Welcome to - The SQL Server blog spot on the web Sign in | |
in Search

Joe Chang

New Fusion ioDrive2 and ioDrive2 Duo

Fusion-iO just announced the new ioDrive2 and ioDrive2 Duo on Oct 2011 (at some conference of no importance). The MLC models will be available late November and the SLC models afterwards. See the Fusion-iO press release for more info.

Below are the Fusion-IO ioDrive2 and ioDrive2 Duo specifications. The general idea seems to be for the ioDrive2 to match the realizable bandwidth of a PCI-E gen2 x4 slot (1.6GB/s) and for the ioDrive2 Duo to match the bandwidth of a PCI-E gen2 x8 slot (3.2GB/s). I assume that there is a good explanation why most models have specifications slightly below the corresponding PCI-E limits.

The exception is that 365GB model at about 50% of the PCI-E g2 x4 limit.

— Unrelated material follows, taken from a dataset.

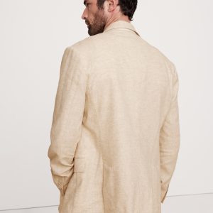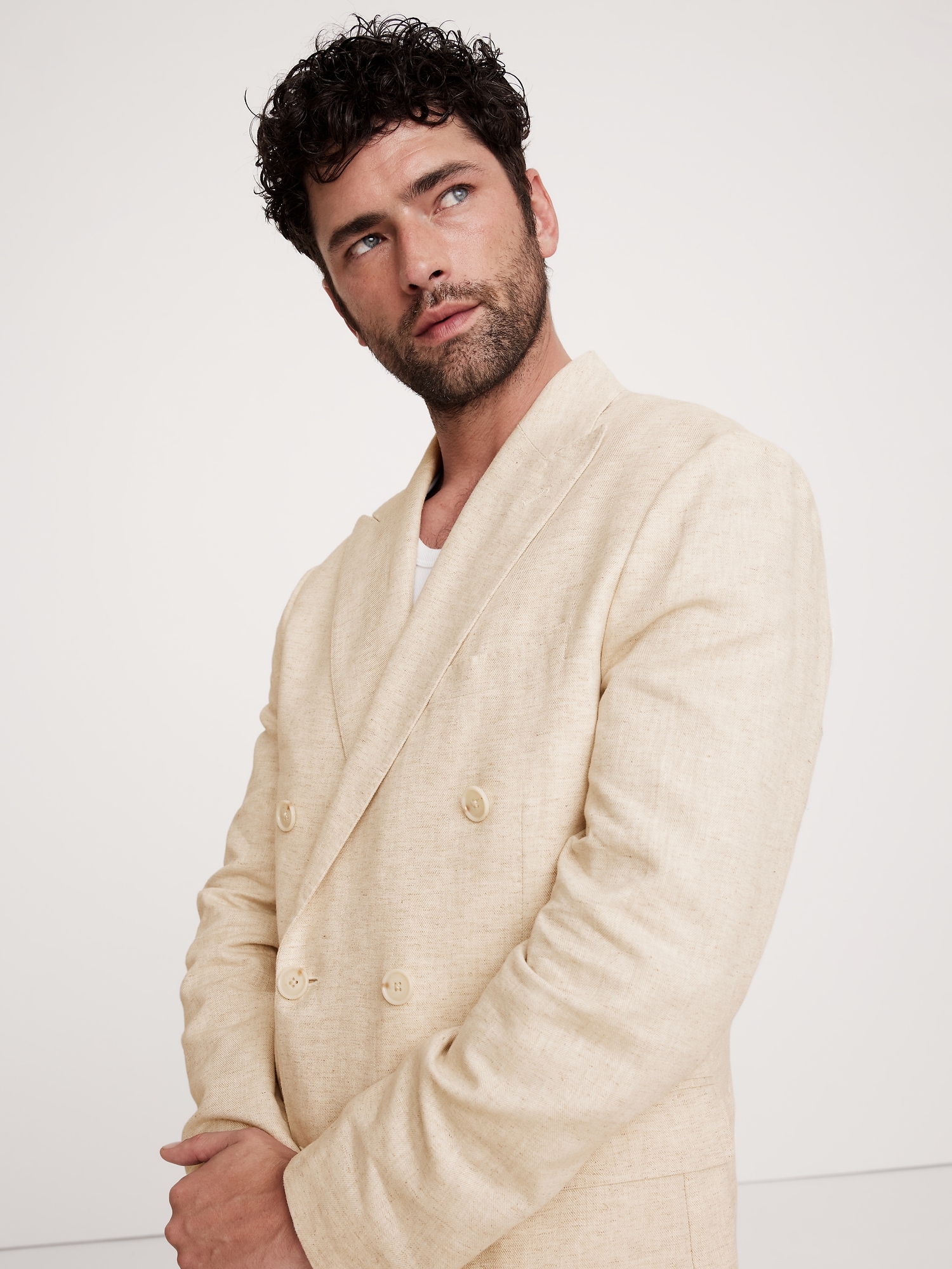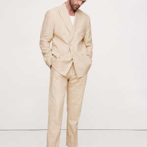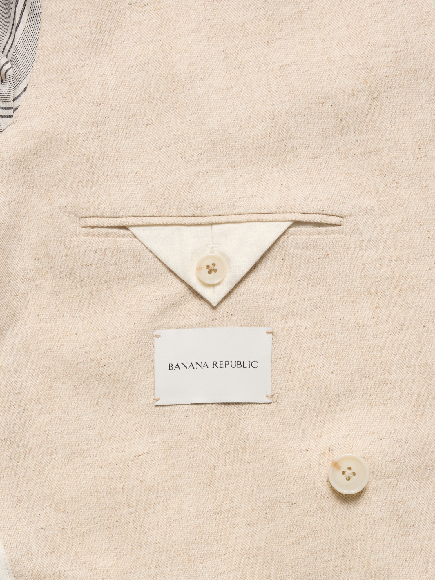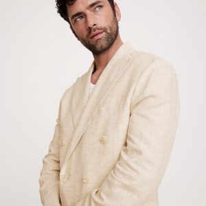 Designed with warm weather in mind, this double-breasted suit jacket is cut from an herringbone fabric that blends soft cotton and luxurious linen. Here, we left the jacket unlined through the back for even better breathability.

Suppose that the 785GB model implement parallelism with 16 channels and 4 die per channel. Rather than building the 365GB model with the same 16 channels, but a different NAND package with 2 die each, they just implemented 8 channels using the same 4 die per package. Lets see if Fusion explains this detail.

Fusion-IO ioDrive2

ioDrive2 Capacity400GB600GB365GB785GB1.2TB
NAND Type SLC (Single Level Cell) MLC (Multi Level Cell)
Read Bandwidth (64kB) 1.4 GB/s 1.5 GB/s 710 MB/s 1.2 GB/s 1.3 GB/s
Write Bandwidth (64kB) 1.3 GB/s 1.3 GB/s 560 MB/s 1.0 GB/s 1.2 GB/s
Read IOPS (512 Byte) 351,000 352,000 84,000 87,000 92,000
Write IOPS (512 Byte) 511,000 514,000 502,000 509,000 512,000
Read Access Latency 47 µs 47 µs 68 µs 68 µs 68 µs
Write Access Latency 15 µs 15 µs 15 µs 15 µs 15 µs
Bus Interface PCI-E Gen 2 x4
Price $? ? $5,950? $? ?

Fusion-IO ioDrive2 Duo

ioDrive2 Capacity1.2TB2.4TB
NAND Type SLC (Single Level Cell) MLC (Multi Level Cell)
Read Bandwidth (64kB) 3.0 GB/s 2.6 GB/s
Write Bandwidth (64kB) 2.6 GB/s 2.4 GB/s
Read IOPS (512 Byte) 702,000 179,000
Write IOPS (512 Byte) 937,000 922,000
Read Access Latency 47 µs 68 µs
Write Access Latency 15 µs 15 µs
Bus Interface PCI-E Gen 2 x8
Price $? ?

Between the SLC and MLC models, the SLC models have much better 512-byte reads IOPS than the MLC models, with only moderately better bandwidth and read latency. Not mentioned, but common knowledge is that SLC NAND has much greater write-cycle endure than MLC NAND.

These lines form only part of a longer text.